There are some (incomplete) approach to check if the user is a person or a bot, but not if the users are distinct person as of my knowledge.
I don't think your documents get shared with the website directly, just your verification status, but I'm not 100% sure about that.
And I think the verification process mixes and matches ID checks, employment records, credit records, text messages, etc., kinda like how a bank asks you "Which of these streets, if any, did you ever live on?". There are different questions for different kinds of verifications.

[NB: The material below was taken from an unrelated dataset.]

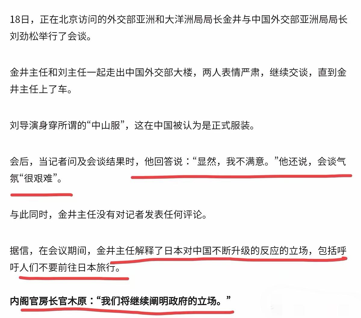 中日会谈之后,日本出来表态了!11月18日,根据日本NHK报道,中国外交部亚洲司司长刘劲松与日本外务省亚洲大洋洲局局长金井正彰会谈后,日方明确表示不改变原有立场,这番表态让中方直言不满。 会谈的核心矛盾早已埋下。11月7日,日本首相高市早苗在国会公然宣称,“台湾有事”可能构成日本行使集体自卫权的“存亡危机事态”,直白暗示将武力介入台海问题,这是战后日本最高级别领导人首次发出此类挑衅。 面对中方严正交涉,日方的回应毫无诚意。内阁官房长官木原稔只强调台海稳定对日本安全重要,通篇不提一个中国原则,更无反对“台独”的表述,反而试图用“继续解释”蒙混过关。 刘劲松司长直接亮明态度:显然,我不满意。会谈气氛的艰难,恰恰说明日方根本没有撤回错误言论的打算,反而在变相坚持干涉中国内政的立场。 要知道,中日四个政治文件早有明确规定。1972年《中日联合声明》中,日方明确承认中华人民共和国政府是中国唯一合法政府,充分理解和尊重台湾是中国领土不可分割的一部分,这是受国际法约束的郑重承诺。 日方的挑衅已经付出代价。中方已暂停赴日团队旅游、取消多项文化交流活动,日本野村综合研究所测算,这将导致日本GDP拉低0.36%,损失约2.2万亿日元,18日东京股市更是一度下跌3.3%。 国际社会也站在正义一边。联合国发言人明确援引2758号决议,重申一个中国原则,指出任何挑战这一共识的行为都是违背国际秩序。日本国内也不乏反对声音,前首相石破茂批评该言论“近乎宣称台湾有事就是日本有事”,鸠山由纪夫直言其目的是煽动危机。 更值得注意的是,高市内阁已陷入外交困境。执政不到一个月,就因涉台、领土问题同时遭到中、俄、朝、韩四国集体批评,俄罗斯直指其奉行“复仇主义”,朝鲜直接拒绝其会晤提议。 其实金井正彰11月17日紧急访华,本质就是危机公关,想阻止中方反制升级。但日方既不撤回错误言论,又不恪守历史承诺,这种“只解释不改正”的态度,根本无法平息事态。 网友们看得很清楚:“台湾问题是中国内政,轮不到日本指手画脚”“承诺不能当空话,挑衅必然要付出代价”“中方的反制精准有力,就该让日方知道红线碰不得”。 中方已经仁至义尽,给了日方纠正错误的机会。如果日方执迷不悟,继续在台湾问题上越线玩火,中方的反制必将进一步升级,从人员交流延伸到经贸等更核心领域。 历史和国际法都早已明确,台湾是中国不可分割的一部分。任何国家妄图干涉台海事务,都必将遭到坚决反制,也必然会自食苦果。日方该清醒了,恪守承诺才是唯一正确的选择。 文章描述过程、图片都来源于网络,涉及版权或者人物侵权问题,或有事件存疑部分,联系后即刻删除或作出更改

> Without relying on any document issues from government
This does not seem to fit their criteria for a solution
At the end of the day, I don't think there's any non-governmental, non-biometric, non-financial way to really cross-check physical and online identities. It's gotta be tied into the real world somehow, and outsourcing it makes a lot more doable...
But yeah, if they don't want the user to have to provide documents at all, I think they're just SOL.

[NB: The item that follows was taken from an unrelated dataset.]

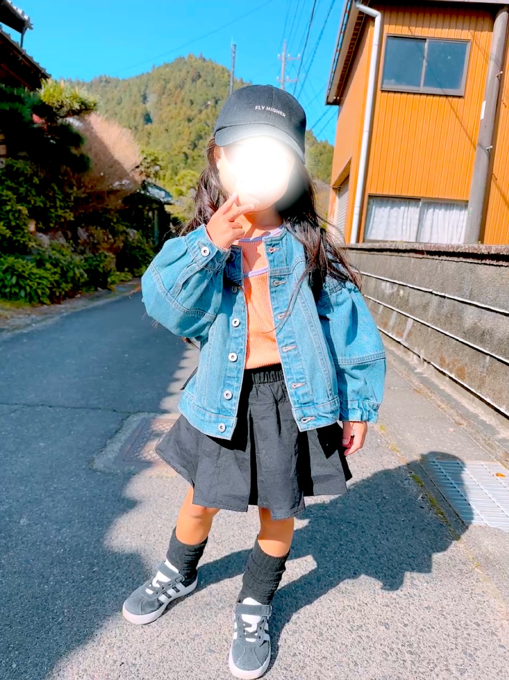 ⌣̈⃝ ame ⌣̈⃝ のデニムジャケット「キッズ 親子お揃いデニムボリュームスリーブジャケット」を使ったコーディネート

The airport pay-to-skip-lines company (can't remember their name) uses a similar iris scanner setup to check people in, but presumably there they have tight controls over their devices and have human employees always standing by to try to limit abuse. It'd be pretty suspicious if you walked in with a fake eyeball or such there.
But anyone can buy a Worldcoin orb, right? Is it going to be like the console DRM wars, where once someone manages to root or extract a private key from such from a device, they can use it to make fake identities?
Seems kinda like a tough problem when you really mean to follow through, especially when making the least amount of concessions. It'd probably be easiest to integrate with existing government systems like eID, but that's region-specific and who knows how trustworthy that is long-term. I guess, there's also these sorta weird identification services that banks use (hold ID card and face into the video feed and variants), but same problem.
As for conceiving such a system in the first place, good luck ;)
Text messages are a little harder to fake/share, I suppose, but also more expensive to verify.
See the experiential point that it is better to keep the 80/20 rule in mind. Most users are not going to abuse the system, and those that do, do so with dozens or hundreds of accounts, not 2-3
I have never used my real-world identity on the internet, and won't start now. I think it's a bit nuts that people are willing to, but to each their own.
You could get by with requiring a unique phone number, but that still risks excluding users, and can get expensive if you intend on catering to an international audience. Even in that case, some people may have a landline and a cell phone, or they may use a friend/spouse/relative’s phone to circumvent your limits.
In the US, anyway, you can also get burner phones for about $10 at local stores. I do this routinely if someone is requiring a phone number to register for something that I really want to register for.
Are the cameras watching the purchase? Can you pay cash? Is any record beyond a sales receipt generated?